┌─ EXERCISE MATERIALS

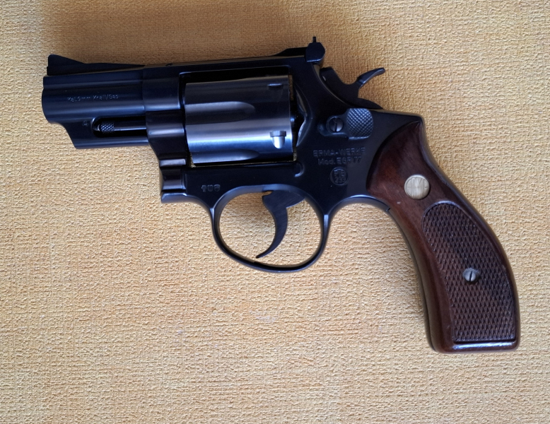 Über den Erma Revolver muss wohl nichts mehr geschrieben werden. Es sind schöne Erma Griffschalen verbaut. Mitiger Lauf und nicht wie bei PTB 601 wo der Lauf nicht zentrierter ist.
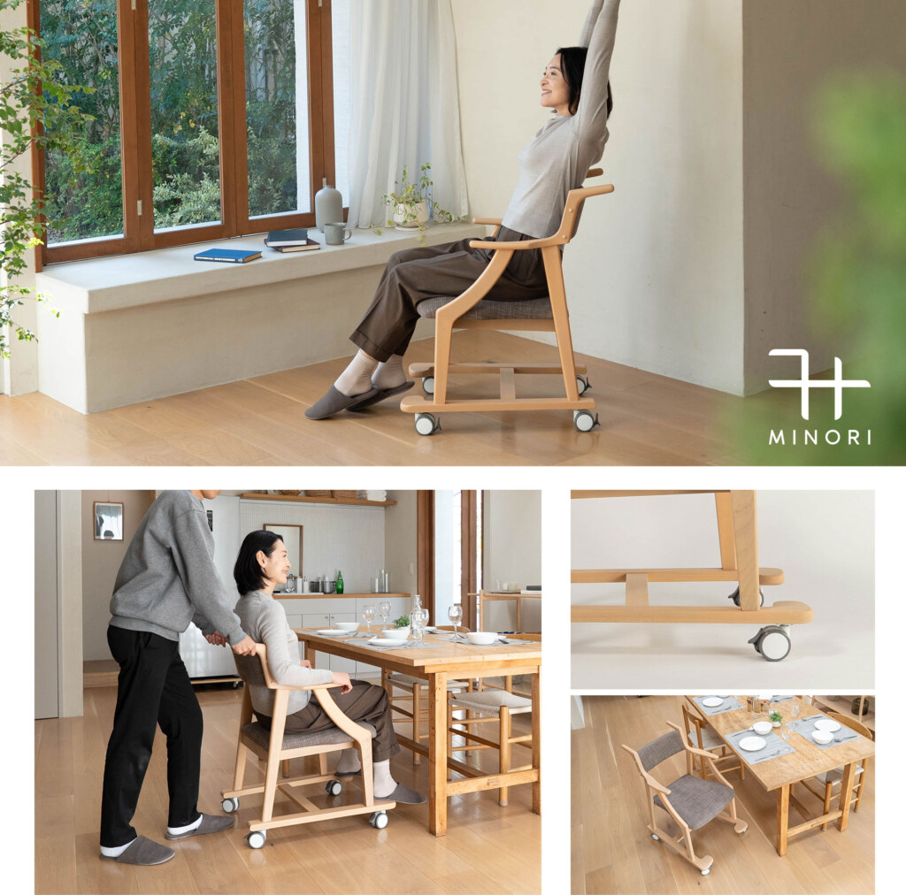使う本人はもちろん、介助する家族のことも考えた食卓椅子が誕生。『食を楽しむための椅子~みのり~』にサポートタイプが新登場!食事や食後の団らんを楽しむ基本設計に、移動や介助のしやすさをプラス
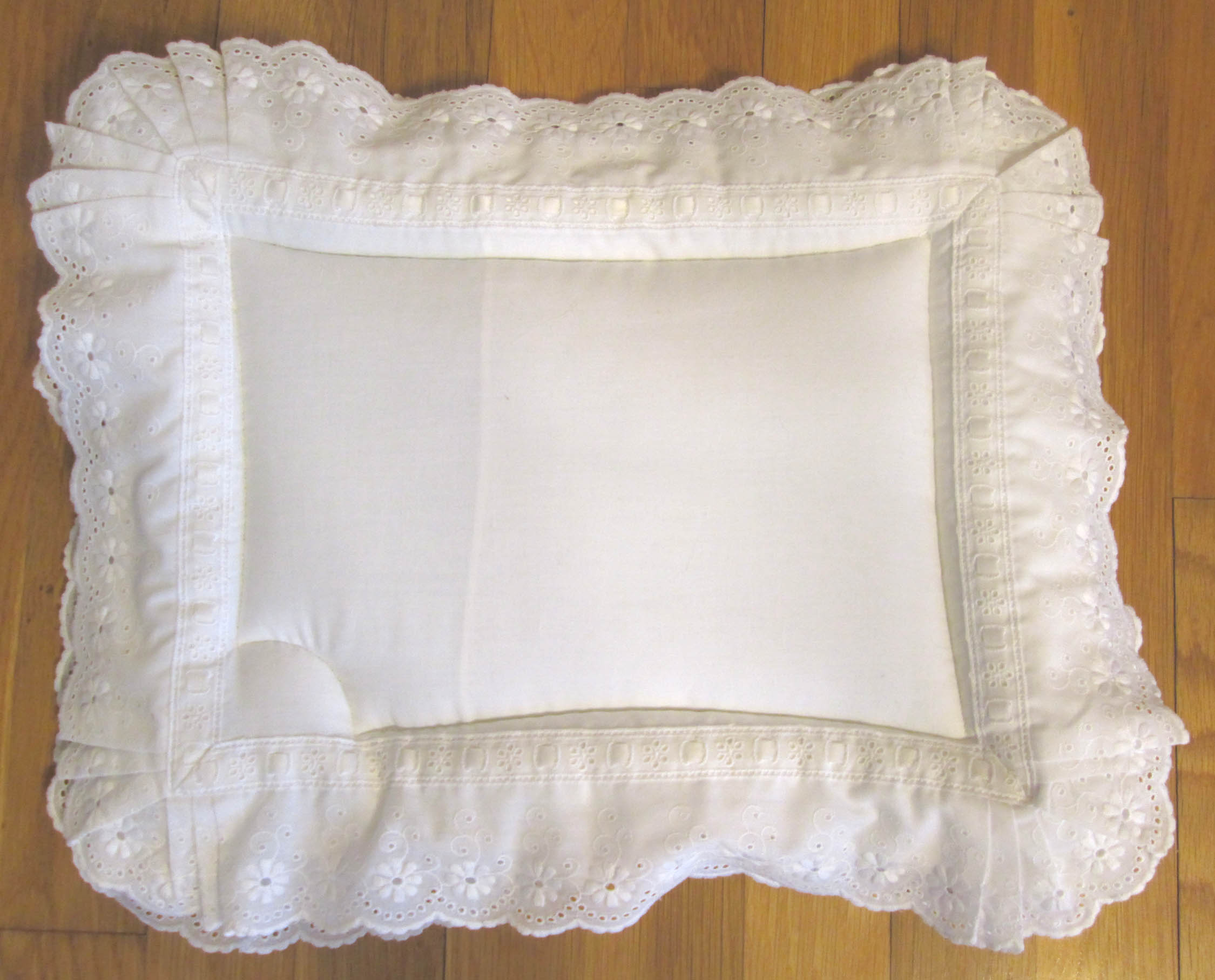 White with White Lace & Yellow Ribbon, Reverse with White Ribbon Cotton Bed, 16.5"x13"
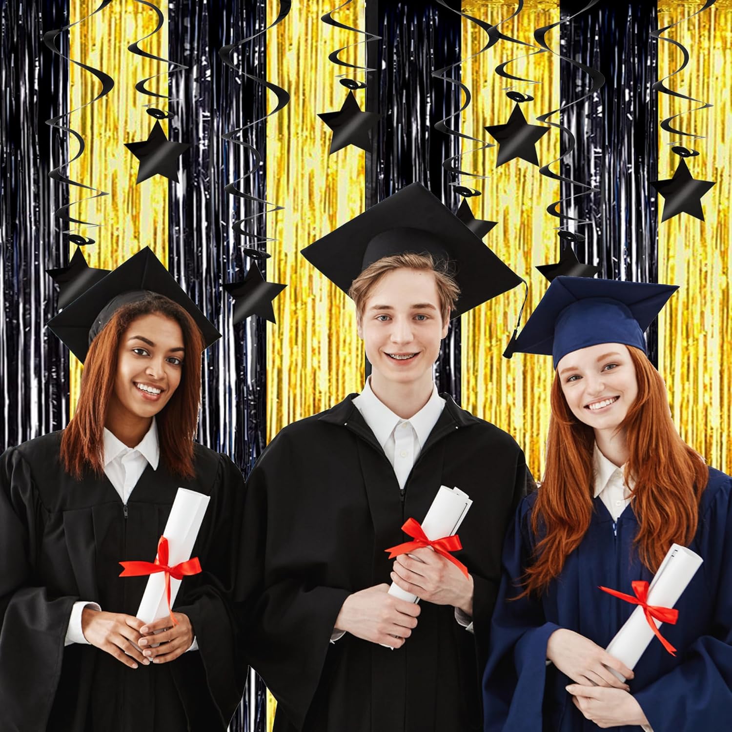 BEISHIDA Black Stars Hanging Swirls Bachelorette Graduation Hanging Ornament Decorations for Birthday Party Supplies Congrats Grade 2025 Graduation Decorations,Pack of 15
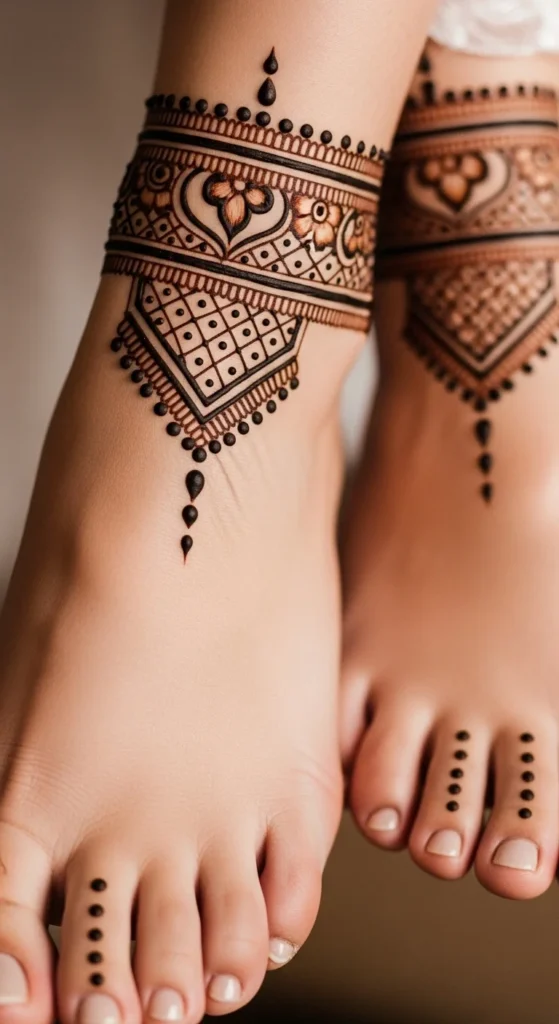 A geometric panel accent is a great way to bring a modern touch into foot mehndi while keeping the overall look minimal. The design uses small sections of clean lines, angled shapes, net details, or repeating curves arranged in a narrow panel near the ankle or upper side of the foot. This style feels neat and fashion-forward because the geometry keeps the layout controlled. It is especially nice for people who want something different from florals but still want the design to feel festive. At home, you can simplify the panel by using a few straight bands, tiny diamonds, and dot borders. There is no need to make it very dense. The empty spaces between shapes are what keep it elegant. This pattern works well with plain toes or one small matching toe detail. It is also a good option for events where you want a stylish mehndi look that feels more modern than traditional. Brides can make the panel slightly longer for more impact, while guests can keep it short and tidy. The result looks sharp, clean, and very current without being loud or difficult to wear.
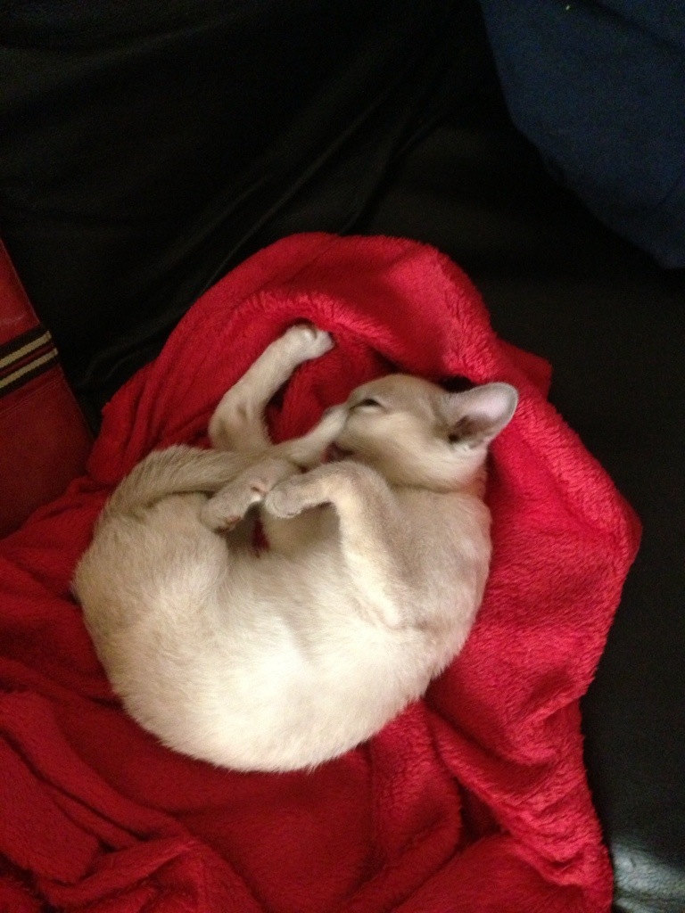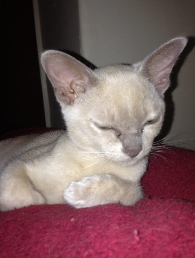 Ophelia is a Lilac Burmese with a Lilac Tortie mum who is a grand champion. She’s a cutie for sure!
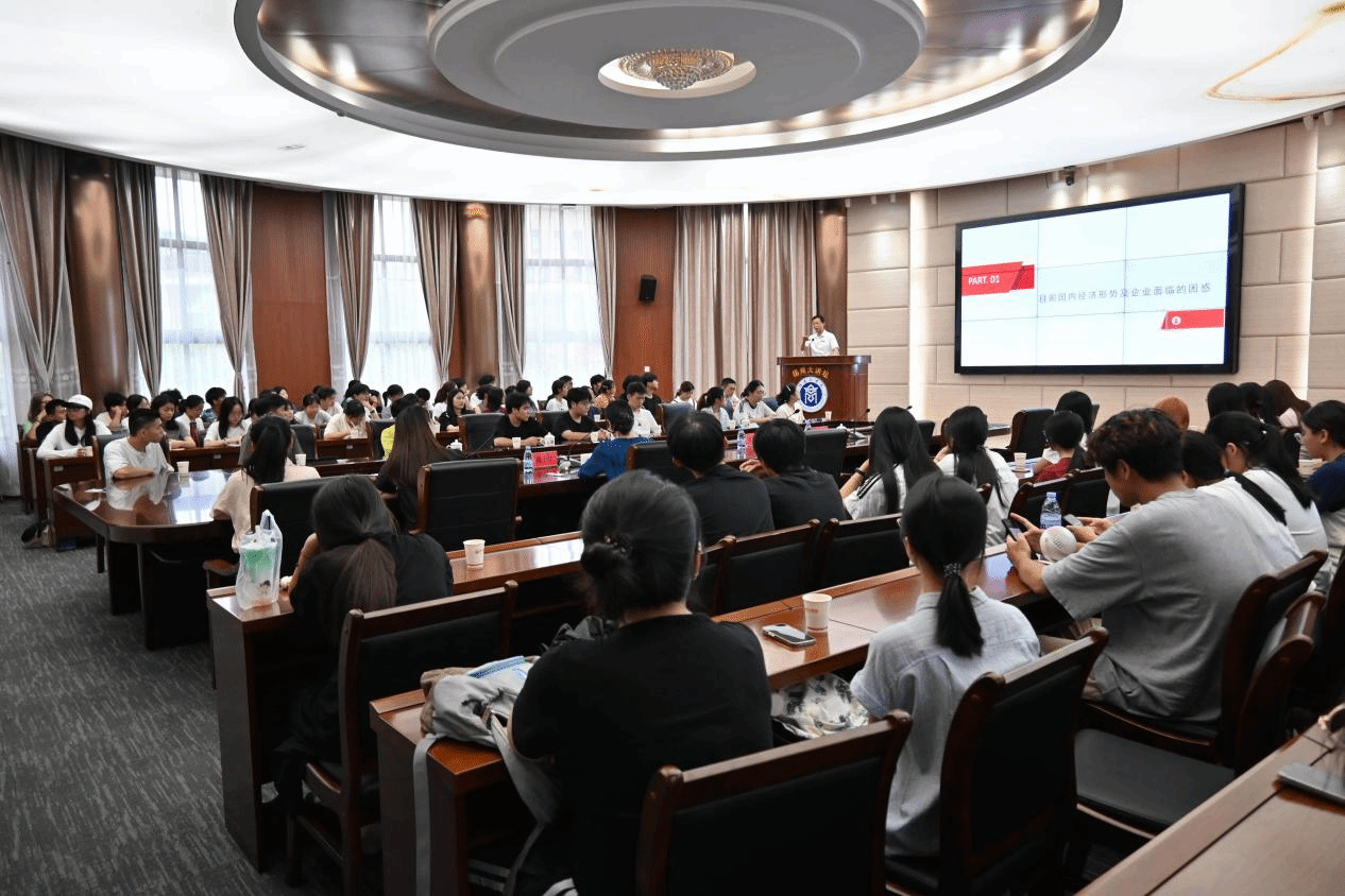 就“就业需要注意哪些问题”“数字化时代财务人员有哪些需要改变的”等问题与学生深入交流,并分享个人创业经历,强调“担当精神”是职场成长的关键。现场气氛热烈,掌声不断。
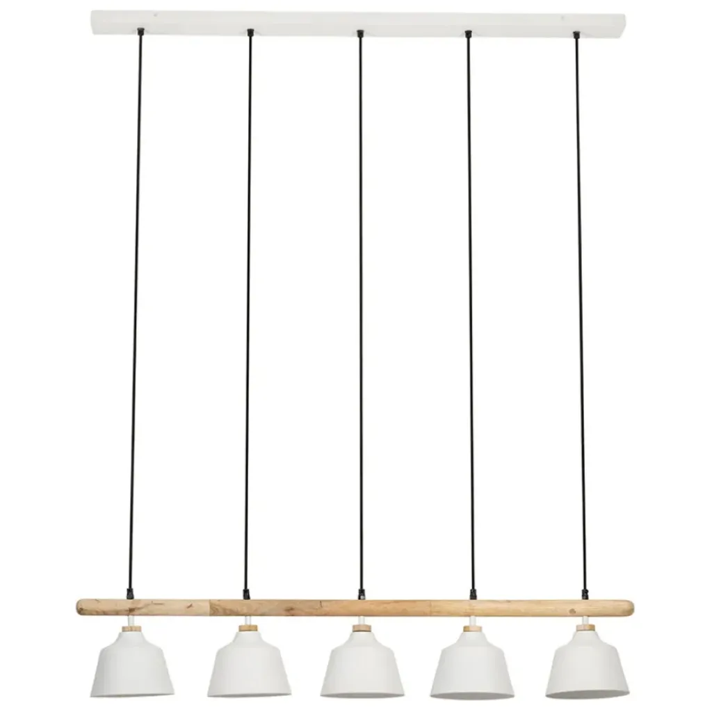 Découvrez l’alliance parfaite entre design contemporain et matériaux naturels avec cette suspension équipée de cinq lampes, mélangeant habilement le fer et le manguier blanc.

└─

## [AIM OF THE EXERCISE]
Taking the material above, give again exactly the lines from the one holding "White with White" through the one holding "BEISHIDA Black Stars", with both ends and without pictures.

## [ANSWER BOX]
 White with White Lace & Yellow Ribbon, Reverse with White Ribbon Cotton Bed, 16.5"x13"
 BEISHIDA Black Stars Hanging Swirls Bachelorette Graduation Hanging Ornament Decorations for Birthday Party Supplies Congrats Grade 2025 Graduation Decorations,Pack of 15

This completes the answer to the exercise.